_What is needed_:
All of the data below should be set down again verbatim, without any images.

(Items from a dataset)

———

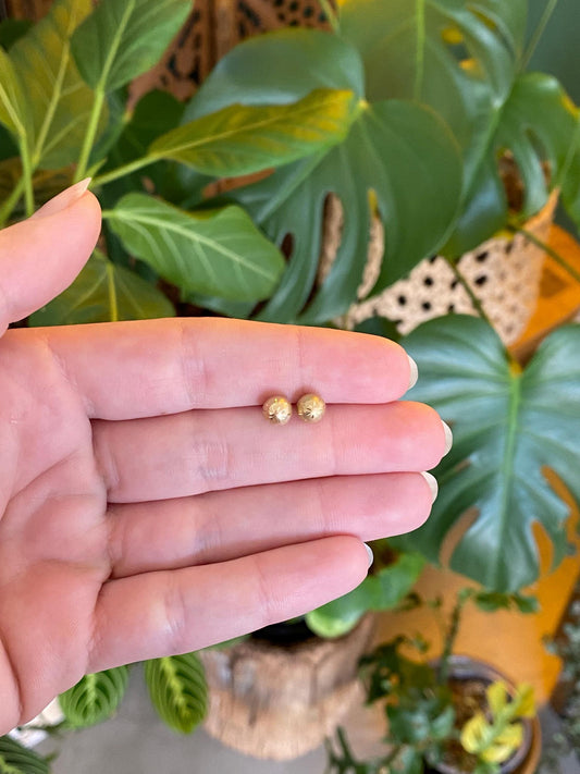 Vintage 14k Yellow Gold Diamond Cut Satin Gold Ball Stud Earrings
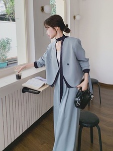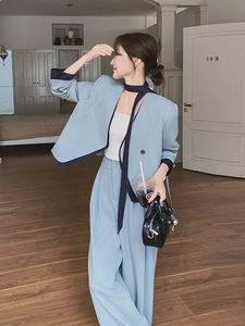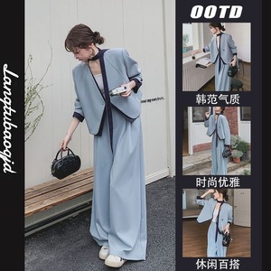 蓝色西装西裤两件套女春秋季漂亮新品感韩系休闲套装
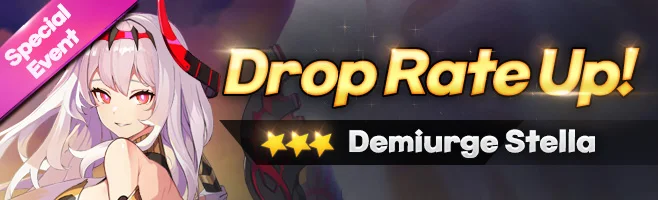 In this Drop Rate Up event, meet the hero, Demiurge Stella & Demiurge AsteiPlayers will have a higher chance of recruiting both Heroes!◈ Drop Rate Up Details
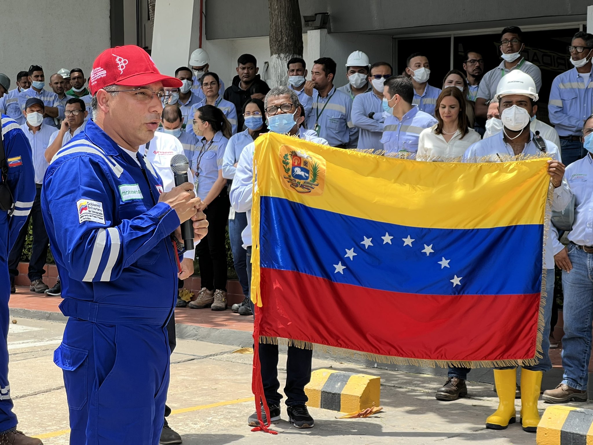 Pequiven President Pedro Rafael Tellechea during a worker's assembly at Monómeros headquarters in Barranquilla, after Venezuela officially regained control of the important asset. Photo: Twitter/@BorisCastellano.
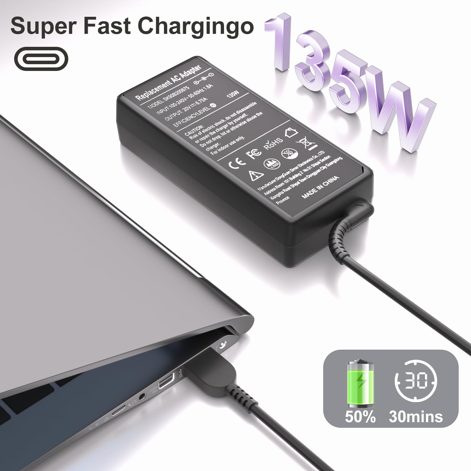 Urabiu Cargador de CA de 135 W para Lenovo Ideapad Gaming 3 Series 3-15 Yoga Slim 7 9 IdeaPad Y50-70

———

_Written reply_:
 Vintage 14k Yellow Gold Diamond Cut Satin Gold Ball Stud Earrings
 蓝色西装西裤两件套女春秋季漂亮新品感韩系休闲套装
 In this Drop Rate Up event, meet the hero, Demiurge Stella & Demiurge AsteiPlayers will have a higher chance of recruiting both Heroes!◈ Drop Rate Up Details
 Pequiven President Pedro Rafael Tellechea during a worker's assembly at Monómeros headquarters in Barranquilla, after Venezuela officially regained control of the important asset. Photo: Twitter/@BorisCastellano.
 Urabiu Cargador de CA de 135 W para Lenovo Ideapad Gaming 3 Series 3-15 Yoga Slim 7 9 IdeaPad Y50-70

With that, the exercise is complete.